* REQUIREMENT *
Print this span of the material below exactly: the line with "Sac Yves-Saint-Laurent en", the line with "中國粉體網訊 2022年3月", and every line between them, but nothing else.

* EXERCISE INPUT *

--- START ---

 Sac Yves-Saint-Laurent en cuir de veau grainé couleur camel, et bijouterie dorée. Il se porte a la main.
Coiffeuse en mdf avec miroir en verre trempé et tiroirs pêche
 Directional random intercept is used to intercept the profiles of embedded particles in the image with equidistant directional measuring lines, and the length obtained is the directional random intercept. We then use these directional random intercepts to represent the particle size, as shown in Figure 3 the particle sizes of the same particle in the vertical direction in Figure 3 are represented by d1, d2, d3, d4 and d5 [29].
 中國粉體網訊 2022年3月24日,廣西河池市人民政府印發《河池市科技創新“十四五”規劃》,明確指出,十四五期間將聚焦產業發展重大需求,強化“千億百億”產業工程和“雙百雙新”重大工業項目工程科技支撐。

--- END ---
--- START ---

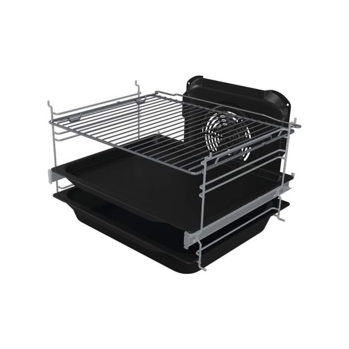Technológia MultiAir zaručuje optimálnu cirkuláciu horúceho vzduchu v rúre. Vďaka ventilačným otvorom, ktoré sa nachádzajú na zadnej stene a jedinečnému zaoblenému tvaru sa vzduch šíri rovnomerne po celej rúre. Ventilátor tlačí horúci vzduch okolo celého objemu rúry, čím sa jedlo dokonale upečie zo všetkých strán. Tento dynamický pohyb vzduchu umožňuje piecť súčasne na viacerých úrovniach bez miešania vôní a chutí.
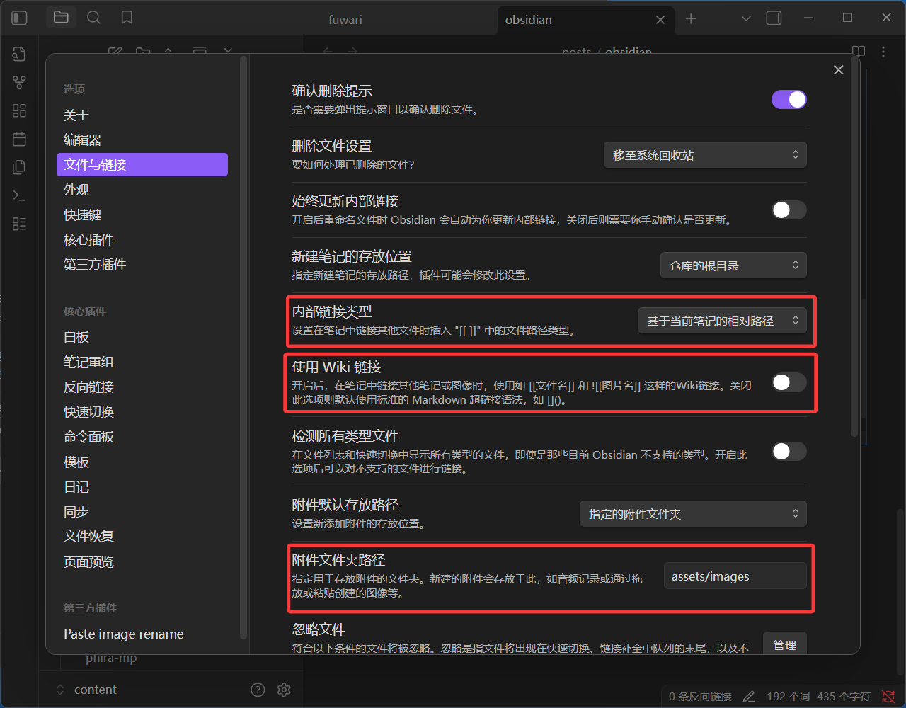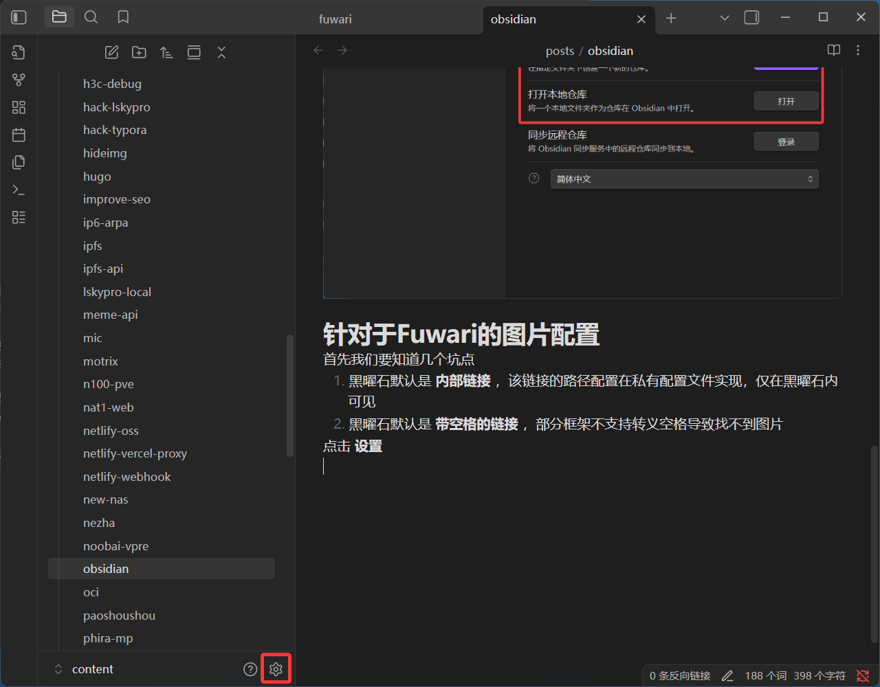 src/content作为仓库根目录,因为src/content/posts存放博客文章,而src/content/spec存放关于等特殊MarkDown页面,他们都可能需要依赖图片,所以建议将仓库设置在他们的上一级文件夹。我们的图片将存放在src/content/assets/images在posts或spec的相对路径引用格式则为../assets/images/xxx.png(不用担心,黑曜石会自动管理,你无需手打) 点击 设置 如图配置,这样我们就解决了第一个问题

--- END ---

* SOLVED EXERCISE *
 Sac Yves-Saint-Laurent en cuir de veau grainé couleur camel, et bijouterie dorée. Il se porte a la main.
Coiffeuse en mdf avec miroir en verre trempé et tiroirs pêche
 Directional random intercept is used to intercept the profiles of embedded particles in the image with equidistant directional measuring lines, and the length obtained is the directional random intercept. We then use these directional random intercepts to represent the particle size, as shown in Figure 3 the particle sizes of the same particle in the vertical direction in Figure 3 are represented by d1, d2, d3, d4 and d5 [29].
 中國粉體網訊 2022年3月24日,廣西河池市人民政府印發《河池市科技創新“十四五”規劃》,明確指出,十四五期間將聚焦產業發展重大需求,強化“千億百億”產業工程和“雙百雙新”重大工業項目工程科技支撐。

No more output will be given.